Y es que seamos honestos.
Trabajar desde el sofá parecía una gran idea el primer día que te concedieron El Ansiado Teletrabajo. Pero como la mayoría de las ideas, parecía espectacular hasta que la pusiste en práctica.
Y claro, es que teletrabajar no es solo «estar en casa con el portátil», es ser capaz de rendir al mismo nivel que en la oficina, elegir el mejor espacio para trabajar, pero sin dejarse llevar por todos los estímulos que ofrece tu casa y que te despistan de tu verdadera misión: la productividad.
E igual el primer error fue elegir el sofá como lugar de trabajo, pero vamos a indagar en qué más cosas han podido fallar (¡y cómo mejorarlas!). Porque no tenemos ninguna duda de que la productividad tiene más que ver con el diseño inteligente que con la fuerza de voluntad.
¡Vamos allá!
¿Trabajas donde vives o vives donde trabajas?
La eterna pregunta.
No todo el mundo tiene una habitación de sobra para montar un despacho de revista, y hay viviendas donde el espacio brilla por su ausencia (y no por tener ventanas con luz natural). En estos casos, la clave no es tener más metros cuadrados, sino aprovechar mejor lo que tenemos.

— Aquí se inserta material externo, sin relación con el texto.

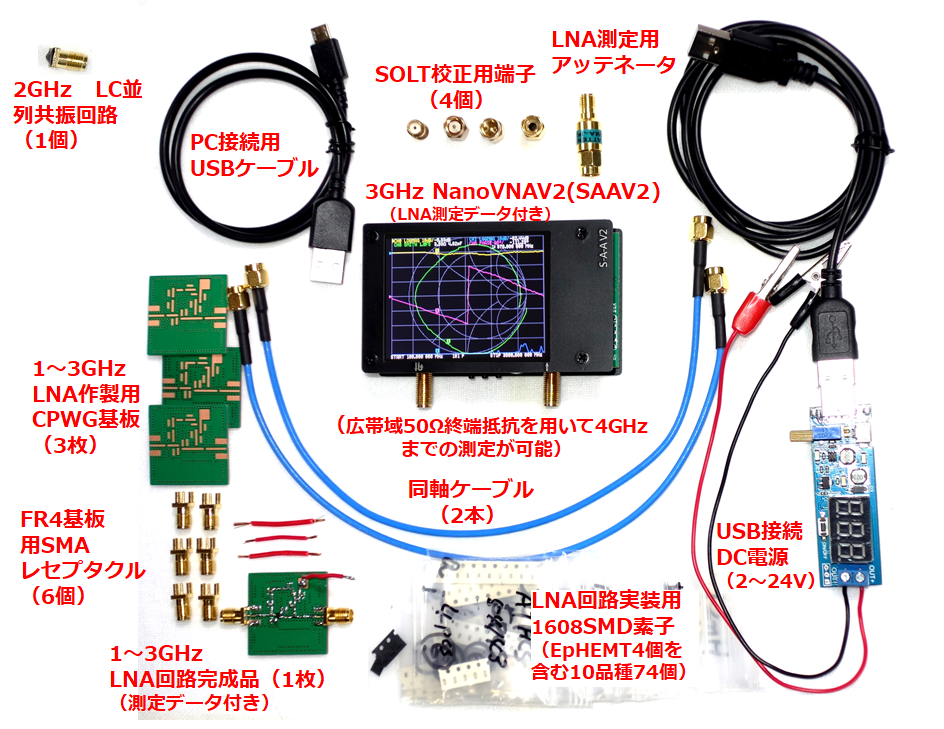 なお,本製品は,2021年10月2日,ZEPエンジニアリングが開催した全国オンライン・セミナ「3GHzベクトル・ネットアナ付き!RF回路シミュレーション&設計・測定入門」の受講者に送付したNanoVNAV2やRFパーツ,講義の録画動画,講義テキストのセット商品です.

El mayor peligro de trabajar en remoto es la ocupación de tu propio espacio. A veces empieza de forma silenciosa: unos documentos sin importancia que dejas en la mesa del comedor. Luego dejas el portátil. Y de que te quieres dar cuenta tienes hasta un portalápices, un cáctus y todo el merchandising de tu empresa en la mesa que hasta ahora utilizabas para comer.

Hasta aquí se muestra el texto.